> **Data for analysis**:
★ ★ ★
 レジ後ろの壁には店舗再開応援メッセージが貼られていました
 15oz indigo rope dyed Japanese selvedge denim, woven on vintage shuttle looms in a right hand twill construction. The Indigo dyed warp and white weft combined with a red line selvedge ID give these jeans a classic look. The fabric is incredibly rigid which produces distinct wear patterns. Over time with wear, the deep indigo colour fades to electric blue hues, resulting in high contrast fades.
★ ★ ★
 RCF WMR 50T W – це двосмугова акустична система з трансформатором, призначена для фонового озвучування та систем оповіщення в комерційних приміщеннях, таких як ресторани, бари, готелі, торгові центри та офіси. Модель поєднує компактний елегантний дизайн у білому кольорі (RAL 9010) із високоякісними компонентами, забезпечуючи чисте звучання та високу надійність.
★ ★ ★
> **Task requirements**:
Above are the records; from them, give again exactly the lines from the one containing "レジ後ろの壁には店舗再開応援メッセージが貼られていました" through the one containing "15oz indigo rope", both included.

> **Response below**:
 レジ後ろの壁には店舗再開応援メッセージが貼られていました
 15oz indigo rope dyed Japanese selvedge denim, woven on vintage shuttle looms in a right hand twill construction. The Indigo dyed warp and white weft combined with a red line selvedge ID give these jeans a classic look. The fabric is incredibly rigid which produces distinct wear patterns. Over time with wear, the deep indigo colour fades to electric blue hues, resulting in high contrast fades.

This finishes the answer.